Single-Atom Photocatalysts on TiO2 : Insights from X-ray Absorption Spectroscopy

TL;DR

This paper reviews how X-ray absorption spectroscopy (XAS) is used to analyze single-atom catalysts on TiO2, revealing atomic structure, electronic states, and reaction mechanisms to improve photocatalytic performance.

Contribution

It provides a comprehensive overview of XAS applications in characterizing TiO2-supported SACs, including in situ analysis and element-specific insights, advancing understanding of photocatalyst behavior.

Findings

XAS effectively probes atomic structure and electronic states of SACs.

In situ XAS monitors real-time changes during photocatalytic reactions.

Element-specific analysis enhances understanding of bimetallic SACs.

Abstract

Surface modification of TiO2 with single-atom catalysts (SACs) is an effective strategy for enhancing photocatalytic efficiency. However, thorough characterization of SACs at the atomic scale remains challenging. X-ray absorption spectroscopy (XAS) offers unique advantages for the in-depth analysis of TiO2-supported SACs. By employing XAS, the local atomic structure, oxidation state, and electronic properties of the SACs, as well as the underlying photocatalytic mechanism, can be revealed.
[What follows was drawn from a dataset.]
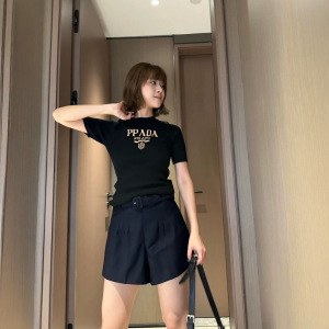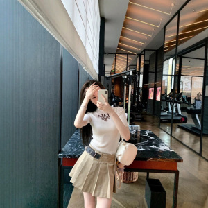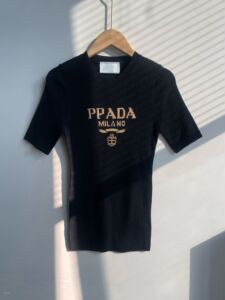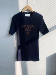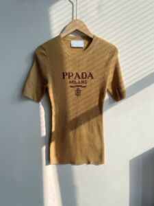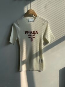 新規上場PファミリーNanyouハイバージョン25年夏ウール胸文字ロゴジャカードスリムラウンドネックTシャツ女性用

Herein, we present a short review on the application of XAS in studying TiO2-supported SACs. We first elucidate the key role of XAS in simultaneously probing the structure and electronic properties of monometallic SACs across different periods. Next, we discuss XAS studies of bimetallic SACs from the perspective of each constituent element and highlight the element-specific capabilities of XAS for analyzing multi-element SACs. Finally, we demonstrate how in situ XAS can effectively monitor structural and electronic property changes in SACs under real photocatalytic reaction conditions. Additionally, we provide practical suggestions for utilizing XAS more efficiently in the analysis of various SAC systems.